Dimanche 27 août 1972

26 Août 2017 , Rédigé par patricks Publié dans #VOYAGE DANS LE TEMPS

A la télévision (mais je ne la vois pas), un nouvel épisode du « Prisonnier » : « Echec et mat ». Il y a aussi le premier épisode d’un feuilleton d’Estella Blain à 13h15, « Un enfant nommé Michel ». Le soir, un très long western avec Richard Widmark, « Les Cheyennes », et sur la 2, en début de soirée, le magazine « Vive le cinéma ». Je crois que si j’avais eu la télé, je n’aurais regardé que « Le Prisonnier ».

Les dimanches à Bagnoles sont consacrés aux excursions : en quatre ans, nous irons trois ou quatre fois au pont de Tancarville, idem à la Chapelle Montligeon, mais aussi à Deauville, Trouville, Lisieux, Avranches, Arromanches, le mont Saint Michel, Alençon (plusieurs fois par séjour), la biscuiterie de Lonlay L'abbaye, Domfront, La Ferté Macé, Saint Maurice du désert.

N'étant plus parti en vacances depuis l'été 1968, ces vacances 1972 avaient un goût de liberté.
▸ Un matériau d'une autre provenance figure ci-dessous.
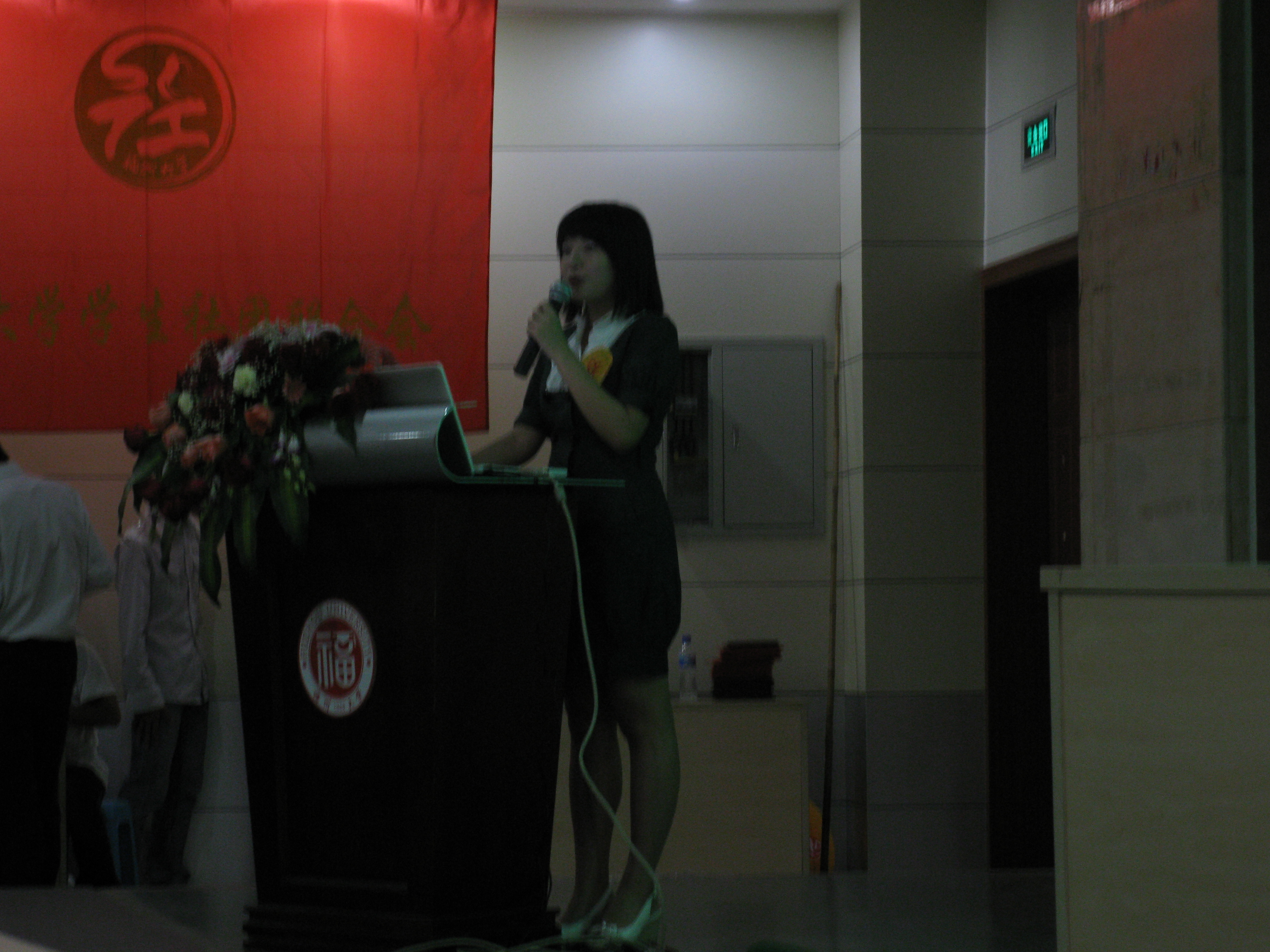 一晚上的评比,不觉乏味但到化爱时却依旧挡不住那份激动。主持人话音刚落就响起了“化爱十年,彰显特色,放飞梦想,铸就辉煌”的口号,那是来自化爱人,传达着一份支持,一份执着。PPT的展示,内容丰富又不失活力,主持人的讲话,话语激扬又不失平和,无一不透露着化爱人的自信,化爱团体昔日的辉煌,化爱对明天的展望。评比符合规则也不失化爱特色:评委席上老师走神了,原来是收到了化爱人精心制作的叶脉书鉴;观众的脖子伸长了,原来是上面演示着化学小实验——“清水九变”;热烈的掌声响起了,原来是台上“喷雾作画”的惊人效果让大家瞠目。掐好了的时间,5分钟的过程犹如化爱的十年历史那般的精彩,简洁而又详细的介绍,获得了热烈的掌声。

Le slogan de l'époque était "Au volant, la vue c'est la vie", qui était collé sur le pare brise arrière de la Simca, sous forme de rectangle jaune autocollant.

C'est la première fois que je vis la marée (à Avranches, au Mont Saint Michel), je me suis baigné à Deauville et à Trouville.

L'été commencé par le grand retour de Muriel Baptiste, se poursuivant par ces vacances, semblait ne jamais avoir de fin.

De Muriel, j'ignorais qu'elle était petite (la télévision surtout à l'époque sans magnétoscope, ne le mettait pas en évidence, qu'elle s'appelait Yvette et non Muriel. Je ne savais pas son âge, si elle était mariée, en somme je ne savais rien d'elle. Je m'en rends compte aujourd'hui. Il n'y avait pas d'internet ou de moyens de communications comme aujourd'hui. Tout ce que je savais, je le glanais dans "Télé Poche".

Mais de cette actrice qui n'avait pas atteint la célébrité d'une Bardot ou d'une Deneuve, j'aimais le mystère, le secret de sa vie, et au fond, cela ne me gênait pas qu'elle ne soit pas plus connue, je la gardais pour moi. Du moins en avais je l'illusion.

J'avais trouvé je ne sais où que Muriel est un dérivé de Marie.

Muriel, sans le savoir, a pris la place de ma première petite amie, ou de mon amour d'enfance, de mon premier amour, celui que l'on n'oublie jamais.